WORK INSTRUCTIONS ▸ For the entries below, the expected answer is the line with "Kosz na śmieci", the line with "사주 궁합 소개팅 앱 ‘여운’이 함께하니까요. ✨", and every line between them, exactly as written, and nothing more.

SOURCE RECORDS ▸
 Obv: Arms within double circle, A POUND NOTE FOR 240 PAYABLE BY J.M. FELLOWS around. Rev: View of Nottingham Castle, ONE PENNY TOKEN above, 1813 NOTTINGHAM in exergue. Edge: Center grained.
--
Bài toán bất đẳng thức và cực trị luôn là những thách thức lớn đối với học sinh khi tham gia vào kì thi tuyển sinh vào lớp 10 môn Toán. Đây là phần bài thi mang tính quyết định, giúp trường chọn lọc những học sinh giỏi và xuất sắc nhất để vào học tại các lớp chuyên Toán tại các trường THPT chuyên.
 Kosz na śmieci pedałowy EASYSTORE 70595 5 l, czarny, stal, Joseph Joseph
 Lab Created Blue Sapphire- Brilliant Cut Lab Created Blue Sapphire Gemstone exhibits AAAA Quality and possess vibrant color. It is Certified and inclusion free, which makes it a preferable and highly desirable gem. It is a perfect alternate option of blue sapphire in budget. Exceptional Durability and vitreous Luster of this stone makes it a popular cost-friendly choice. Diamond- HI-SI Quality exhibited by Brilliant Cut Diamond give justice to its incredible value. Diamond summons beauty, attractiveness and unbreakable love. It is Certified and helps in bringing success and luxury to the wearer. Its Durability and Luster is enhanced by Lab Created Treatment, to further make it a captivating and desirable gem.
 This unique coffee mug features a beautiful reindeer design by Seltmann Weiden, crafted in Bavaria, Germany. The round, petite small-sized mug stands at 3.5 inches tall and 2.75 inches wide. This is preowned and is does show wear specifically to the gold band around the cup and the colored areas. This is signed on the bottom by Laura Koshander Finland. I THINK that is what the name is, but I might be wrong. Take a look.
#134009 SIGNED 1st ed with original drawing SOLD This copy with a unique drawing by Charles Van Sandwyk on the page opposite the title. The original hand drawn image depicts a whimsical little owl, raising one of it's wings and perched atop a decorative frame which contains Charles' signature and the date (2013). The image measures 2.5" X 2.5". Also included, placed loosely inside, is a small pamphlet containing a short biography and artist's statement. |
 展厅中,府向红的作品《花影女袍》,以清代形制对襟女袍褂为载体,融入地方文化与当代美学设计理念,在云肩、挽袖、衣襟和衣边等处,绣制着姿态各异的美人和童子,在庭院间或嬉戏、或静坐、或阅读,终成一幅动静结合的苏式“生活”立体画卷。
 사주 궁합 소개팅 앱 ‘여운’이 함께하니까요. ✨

ANSWER TO THIS TASK ▸
 Kosz na śmieci pedałowy EASYSTORE 70595 5 l, czarny, stal, Joseph Joseph
 Lab Created Blue Sapphire- Brilliant Cut Lab Created Blue Sapphire Gemstone exhibits AAAA Quality and possess vibrant color. It is Certified and inclusion free, which makes it a preferable and highly desirable gem. It is a perfect alternate option of blue sapphire in budget. Exceptional Durability and vitreous Luster of this stone makes it a popular cost-friendly choice. Diamond- HI-SI Quality exhibited by Brilliant Cut Diamond give justice to its incredible value. Diamond summons beauty, attractiveness and unbreakable love. It is Certified and helps in bringing success and luxury to the wearer. Its Durability and Luster is enhanced by Lab Created Treatment, to further make it a captivating and desirable gem.
 This unique coffee mug features a beautiful reindeer design by Seltmann Weiden, crafted in Bavaria, Germany. The round, petite small-sized mug stands at 3.5 inches tall and 2.75 inches wide. This is preowned and is does show wear specifically to the gold band around the cup and the colored areas. This is signed on the bottom by Laura Koshander Finland. I THINK that is what the name is, but I might be wrong. Take a look.
#134009 SIGNED 1st ed with original drawing SOLD This copy with a unique drawing by Charles Van Sandwyk on the page opposite the title. The original hand drawn image depicts a whimsical little owl, raising one of it's wings and perched atop a decorative frame which contains Charles' signature and the date (2013). The image measures 2.5" X 2.5". Also included, placed loosely inside, is a small pamphlet containing a short biography and artist's statement. |
 展厅中,府向红的作品《花影女袍》,以清代形制对襟女袍褂为载体,融入地方文化与当代美学设计理念,在云肩、挽袖、衣襟和衣边等处,绣制着姿态各异的美人和童子,在庭院间或嬉戏、或静坐、或阅读,终成一幅动静结合的苏式“生活”立体画卷。
 사주 궁합 소개팅 앱 ‘여운’이 함께하니까요. ✨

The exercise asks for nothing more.